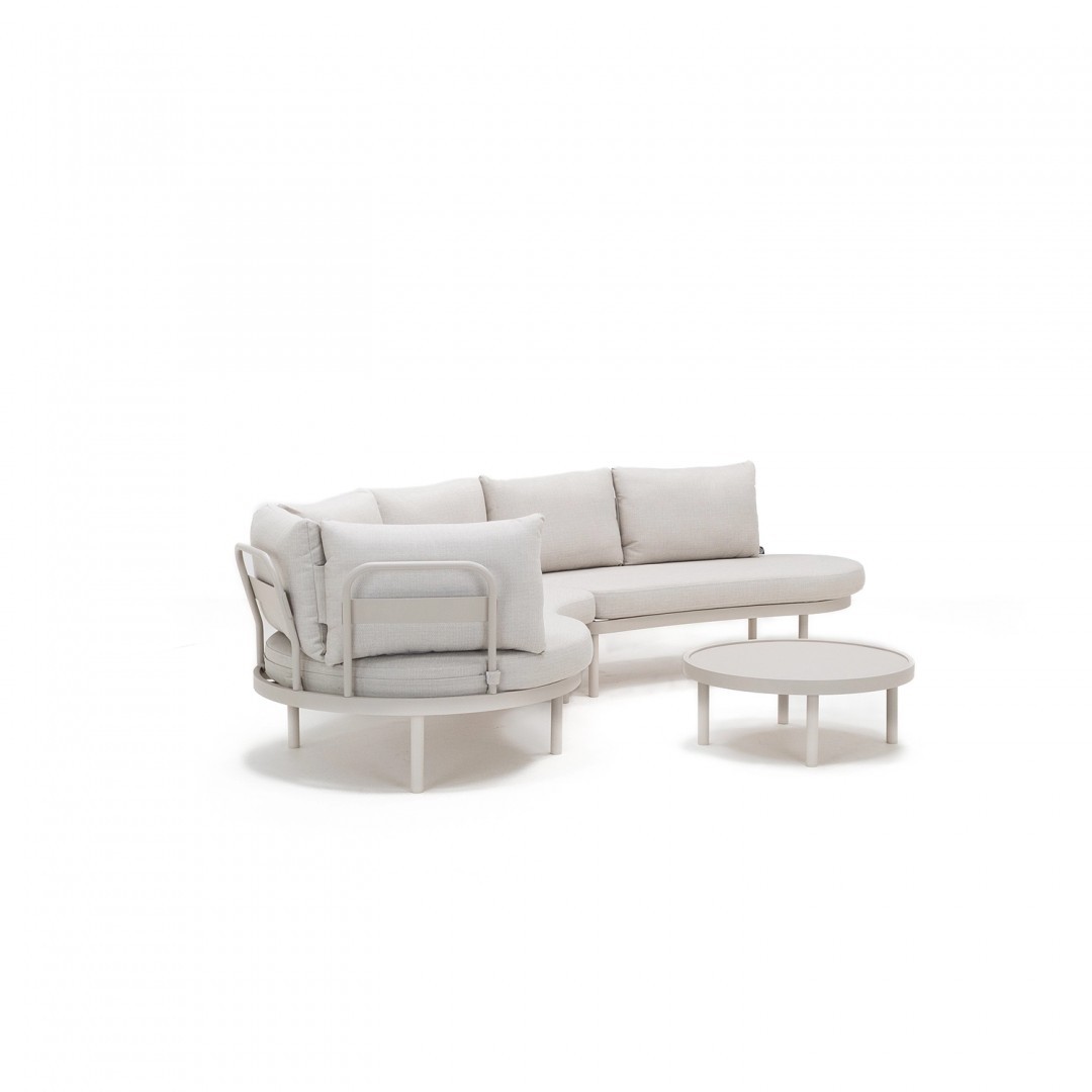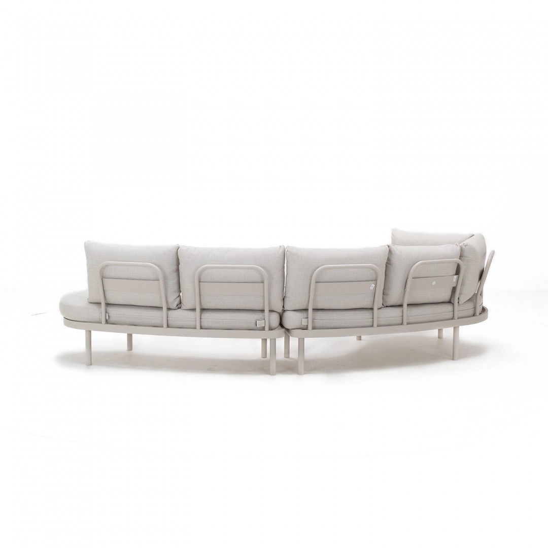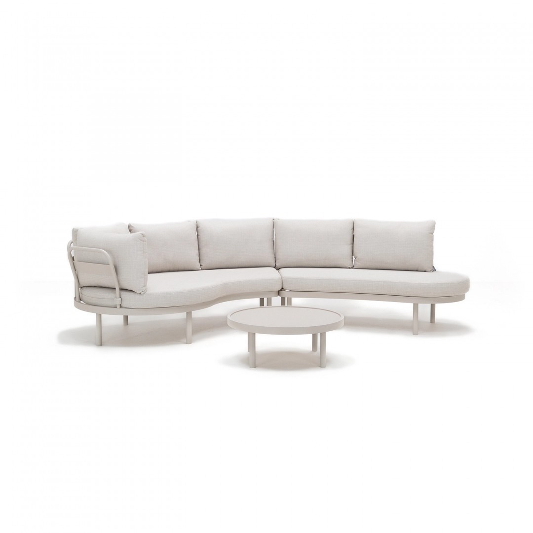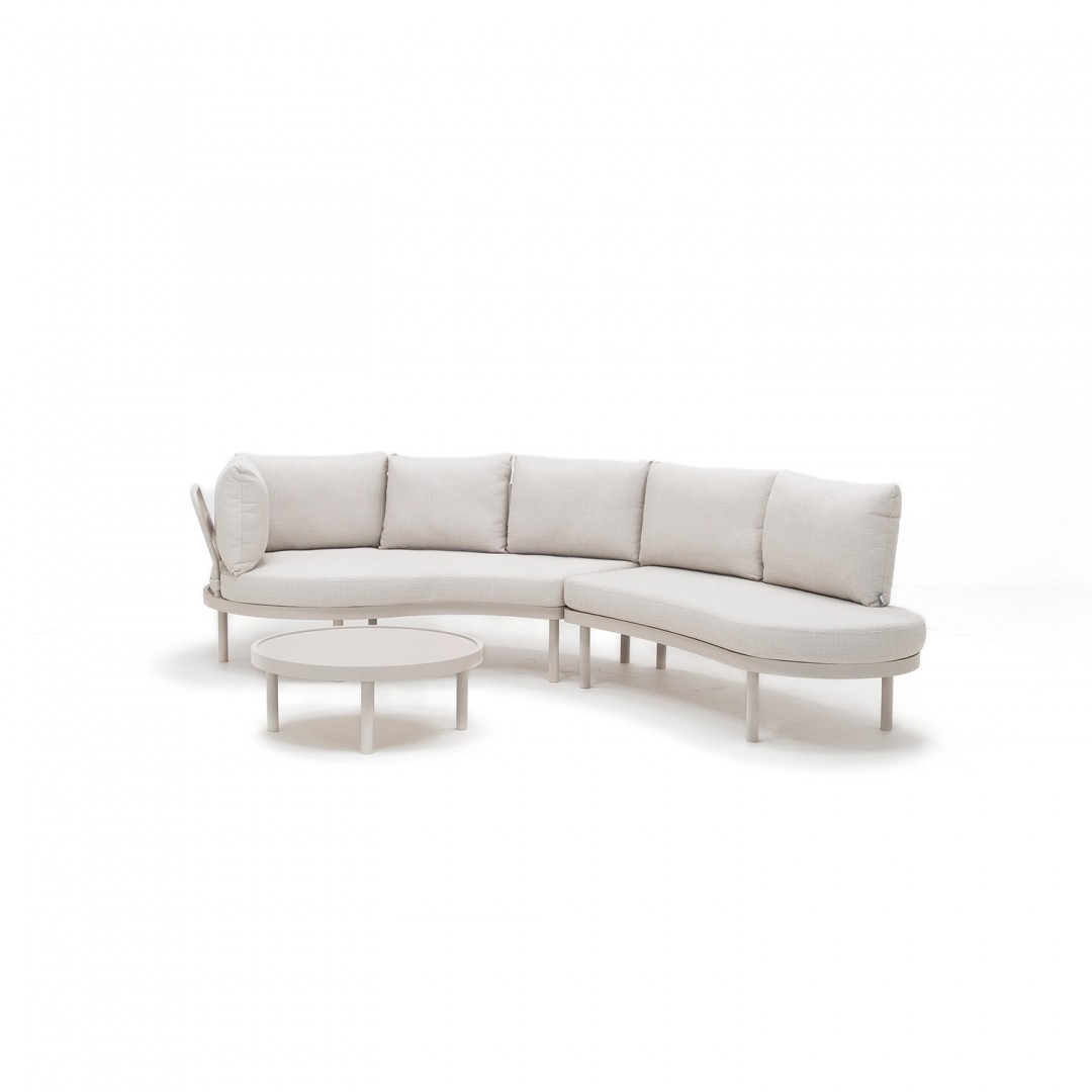 Форма комплекта основана на мягких линиях и низкой, устойчивой форме. Пропорции отдельных элементов позволяют гибко размещать его как в больших, так и в небольших открытых пространствах. Нейтральная цветовая гамма хорошо сочетается с современной архитектурой и природным окружением.
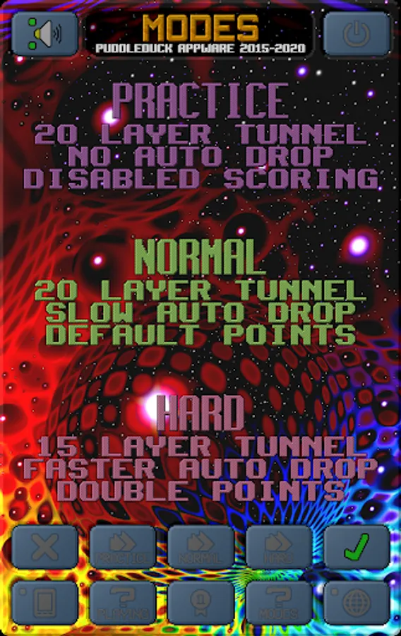 Hard mode : The piece moves forward once every 1/2 second, so you have to think quicker. The tunnel is also shorter, so you've got added pressure. Has a bonus, every point you score in this mode is doubled.
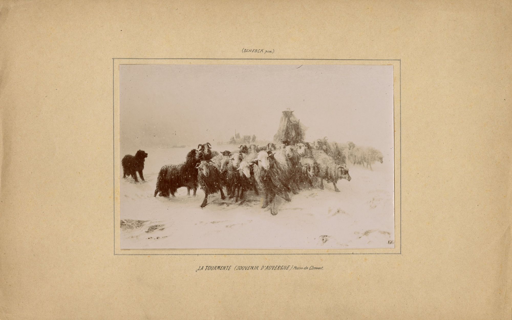 28 J 2/209, "La Tourmente (Souvenir d'Auvergne). Musée de Clermont", troupeau de moutons dans une tempête de neige. - Reproduction d'une toile de Schenck, 12 x 17 cm.
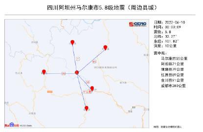 中國地震臺網(wǎng)正式測定:06月10日00時03分在四川阿壩州馬爾康市發(fā)生5.8級地震,震源深度10千米。
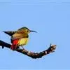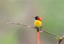 叉尾太阳鸟,雀形目太阳鸟科太阳鸟属留鸟;为小型鸟类,雄鸟头顶辉蓝绿色,上体橄榄绿色,腰明黄色,中央尾羽亮翠蓝色,羽轴针状延长,外侧尾羽黑色具白色端斑,头侧黑色,颜、喉和胸为绛红色,…全部>>
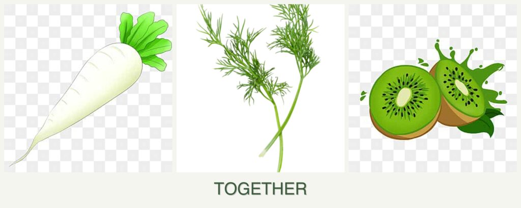 Radishes and dill are both cool-season plants that thrive in similar conditions, making them good companions. They can benefit from each other’s pest-repelling properties and complement each other in the garden. However, kiwi is a warm-season, perennial vine that requires a different climate and more space, making it incompatible with radishes and dill in the same planting area.
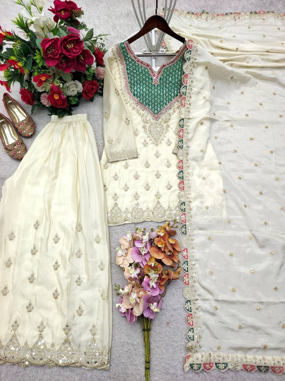 как выглядит New Launching Off White Chinon Silk Top Palazzo With Dupatta For Wedding Wear фото
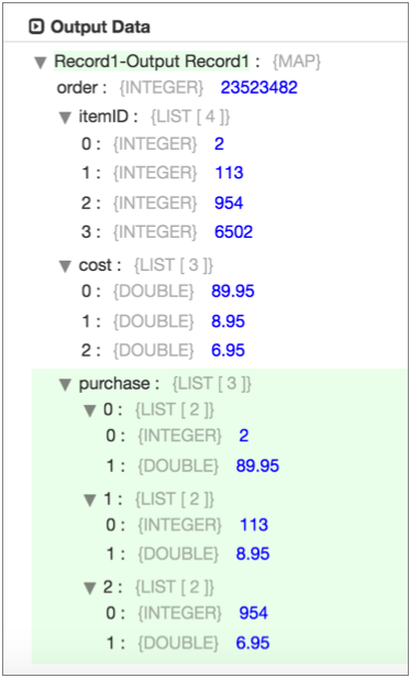 In the Purchase field, the merged data is a list of Map fields. Each map has the field name and value in the ItemID list merged with the corresponding field name and value from the Cost list. Notice that the fourth ItemID, /ItemID/3, is not included in the merged list because it has no corresponding cost information.
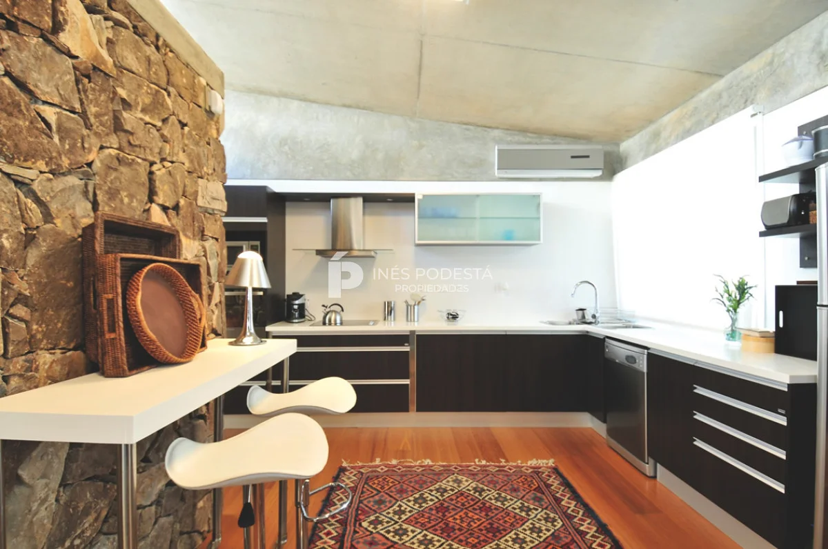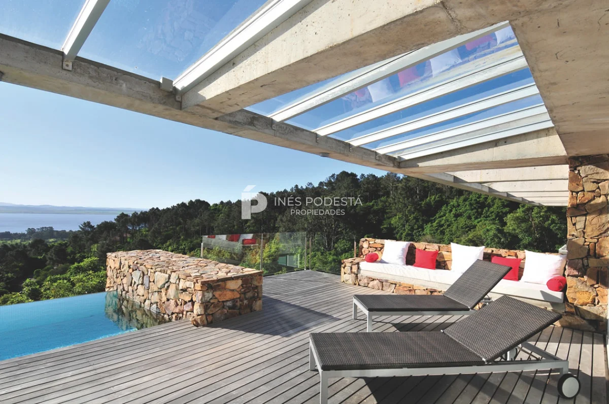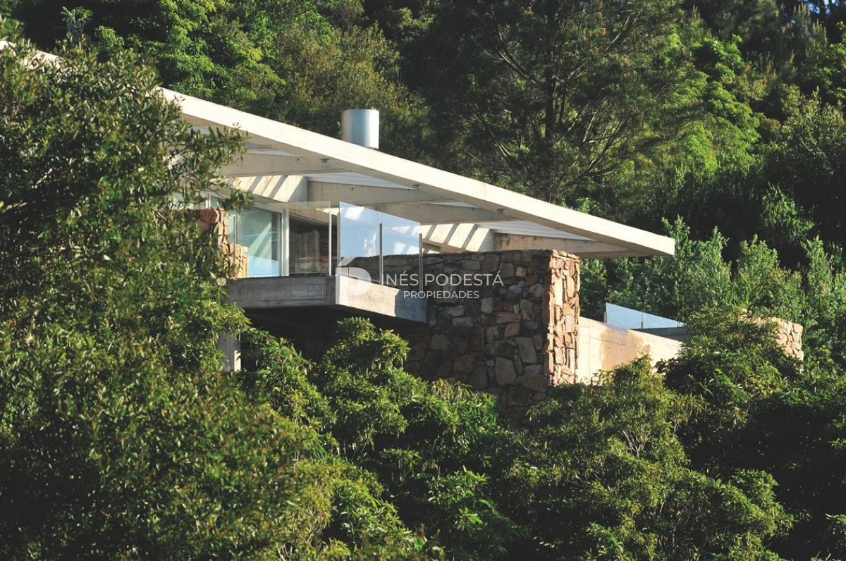 Una casa de características excepcionales como si estuviese sostenida en las rocas, increíble construcción, única, sobre un lote en forma de barranco, con 3472 m2 de terreno y 510 m2 edificados. La casa está realizada en estructuras de hormigón armado y piedra, contando en su totalidad con una espectacular vista hacia la Laguna del Sauce.

§ **ACTIVITY**: Please give back exactly the lines from the first line of the records above through the line containing "как выглядит New", only those and both included, with the pictures removed.

§ **REPLY**:
 Форма комплекта основана на мягких линиях и низкой, устойчивой форме. Пропорции отдельных элементов позволяют гибко размещать его как в больших, так и в небольших открытых пространствах. Нейтральная цветовая гамма хорошо сочетается с современной архитектурой и природным окружением.
 Hard mode : The piece moves forward once every 1/2 second, so you have to think quicker. The tunnel is also shorter, so you've got added pressure. Has a bonus, every point you score in this mode is doubled.
 28 J 2/209, "La Tourmente (Souvenir d'Auvergne). Musée de Clermont", troupeau de moutons dans une tempête de neige. - Reproduction d'une toile de Schenck, 12 x 17 cm.
 中國地震臺網(wǎng)正式測定:06月10日00時03分在四川阿壩州馬爾康市發(fā)生5.8級地震,震源深度10千米。
 叉尾太阳鸟,雀形目太阳鸟科太阳鸟属留鸟;为小型鸟类,雄鸟头顶辉蓝绿色,上体橄榄绿色,腰明黄色,中央尾羽亮翠蓝色,羽轴针状延长,外侧尾羽黑色具白色端斑,头侧黑色,颜、喉和胸为绛红色,…全部>>
 Radishes and dill are both cool-season plants that thrive in similar conditions, making them good companions. They can benefit from each other’s pest-repelling properties and complement each other in the garden. However, kiwi is a warm-season, perennial vine that requires a different climate and more space, making it incompatible with radishes and dill in the same planting area.
 как выглядит New Launching Off White Chinon Silk Top Palazzo With Dupatta For Wedding Wear фото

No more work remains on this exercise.